Bibliographic record
Abstract
Qualitative research is integral to the pandemic response. Qualitative methods are ideally suited to generating evidence to inform tailored, culturally appropriate approaches to COVID-19, and to meaningfully engaging diverse individuals and communities in response to the pandemic. In this paper, we discuss core ethical and methodological considerations in the design and implementation of qualitative research in the COVID-19 era, and in pivoting to virtual methods—online interviews and focus groups; internet-based archival research and netnography, including social media; participatory video methods, including photo elicitation and digital storytelling; collaborative autoethnography; and community-based participatory research.

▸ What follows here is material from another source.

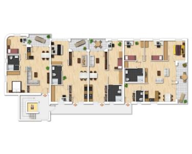Durch die verschiedenen, gut durchdachten Grundrisse erfüllen sich hier die Wünsche von Jung und Alt, Paaren und Familien. Dass das Gebäude über einen Aufzug und alle Wohnungen über einen barrierearmen Zugang verfügen, ist ein weiterer Vorteil.

We identify, describe, and critically evaluate measures to address core ethical challenges around informed consent, privacy and confidentiality, compensation, online access to research participation, and access to resources during a pandemic. Online methods need not be considered unilaterally riskier than in-person data collection; however, they are clearly not the same as in-person engagement and require thoughtful, reflexive, and deliberative approaches in order to identify and mitigate potential and dynamically evolving risks. Ensuring the ethical conduct of research with marginalized and vulnerable populations is foundational to building evidence and developing culturally competent and structurally informed approaches to promote equity, health, and well-being during and after the pandemic. Our analysis offers methodological, ethical, and practical guidance in the COVID-19 pandemic and considerations for research conducted amid future pandemics and emergency situations.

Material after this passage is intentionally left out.